I have grown so accustomed to my new post-low-wage-slave-labor life that I have almost forgotten that I am still chained down, for a little bit longer.  Here's to hoping that I do get that tutoring position so I can do something of social value.  Helping people succeed in school.  Sometimes school can be daunting, and it's good to have a mentor to help guide the way through it all.  I would be good at that, and I definitely have knowledge in the subject of English.

With my master's degree I will be able to teach freshman college comp level classes and classes at community colleges and probably technical schools too.  Or be a full-time tutor.  Or writing or editing gigs.  Really, there are a lot of possibilities.

My goal is to go on and get my Ph.D. in English Lit.  I want to teach like modern British and American Lit courses.  I think it would also be cool to have a Kurt Vonnegut class or a subversive lit class, or something along those lines.  It would consist of Melville, Orwell, Huxley, Vonnegut, Bradbury, maybe Philip K. Dick, Hunter S. Thompson.  I don't know.  I would have to do more reading and analyzing.

I am taking a Melville class next semester, which I am excited about.  I am also taking Chaucer, which I have read, in Middle and Modern English, and can take or leave, even though I know it's important.  I have even read a Saint's Tale by Chaucer.  Finally, I am taking my first Shakespeare course.  I don't know how I avoided it in my undergrad, even though they covered ol' Bill in my one survey course with Dr.
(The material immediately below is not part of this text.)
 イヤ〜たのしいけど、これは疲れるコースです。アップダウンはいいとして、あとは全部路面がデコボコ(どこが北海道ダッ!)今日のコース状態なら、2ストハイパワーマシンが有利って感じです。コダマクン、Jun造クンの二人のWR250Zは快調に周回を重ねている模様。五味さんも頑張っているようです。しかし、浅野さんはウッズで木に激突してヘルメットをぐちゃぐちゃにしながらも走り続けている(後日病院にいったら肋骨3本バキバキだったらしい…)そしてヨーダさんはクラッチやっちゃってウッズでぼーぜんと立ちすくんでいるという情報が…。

Berardinelli -- but he only covered the Sonnets.  It's nerdy, I know, but I will finally get to put my Complete Works to use.
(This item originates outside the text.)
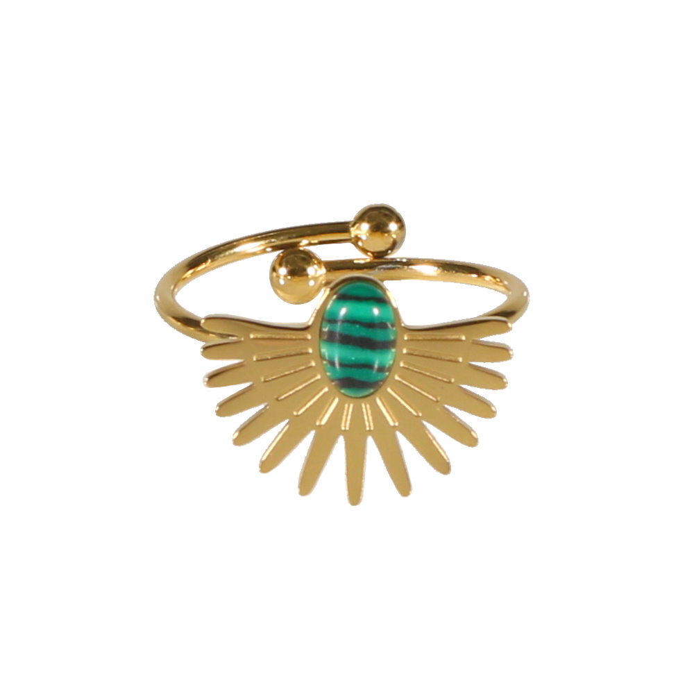 Description Bague en forme d'épouvantail en acier doré surmontée d'une pierre d'imitation malachite. Taille ajustable. Largeur 12 mm Matière(s) Acier , Rocaille . L'acier utilisé dans la bijouterie existe sous plusieurs qualités. Nous utilisons principalement la qualité 316L, qualité qui est utilisée en chirurgie. Cet acier est donc inoxydable et reste très résistant. Fermoir Aucun Couleur(s) dominante(s) Doré , Vert Public Adolescent , Adulte . Genre Femme , Fille . Saison Indémodable . Cliquez sur une matière, un thème, une couleur ou une collection pour voir tous les articles associés.

In fact, depending on what the Melville course covers, I already Billy Budd and The Piazza Tales, Moby Dick and Israel Potter.  I might have to buy one or two more, and possibly the Chaucer, although I definitely have The Canterbury Tales in middle English in my Norton Edition.  I don't know what else the class will cover.  The Canterbury Tales is by far Chaucer's most significant contribution to English Literature, so whatever else it covers will be secondary.

This semester has definitely been useful, I will definitely use my new knowledge of linguistics and sociolinguistics to use.  I am doing a paper on the effects of present tense in Rabbit, Run, I'm doing a paper on social media literacy, and I'm doing a paper on lexical ambiguity in sex slang.  And I am going to apply to a conference with my Havelok the Dane paper.

Without having to work for my corporate slave driver, I would be able to focus even more on my career path.  That's why I need to get a job in my field, a part-time one, even if it is not with Akron.  Somewhere.  Maybe at a library.  Or -- the dream -- a writing job.  I would write about anything.  Just saying.

No matter what, no more "living the dream"at work, where, even on a basic level, I could actually be living it.  I do, after all, have a bachelor's degree.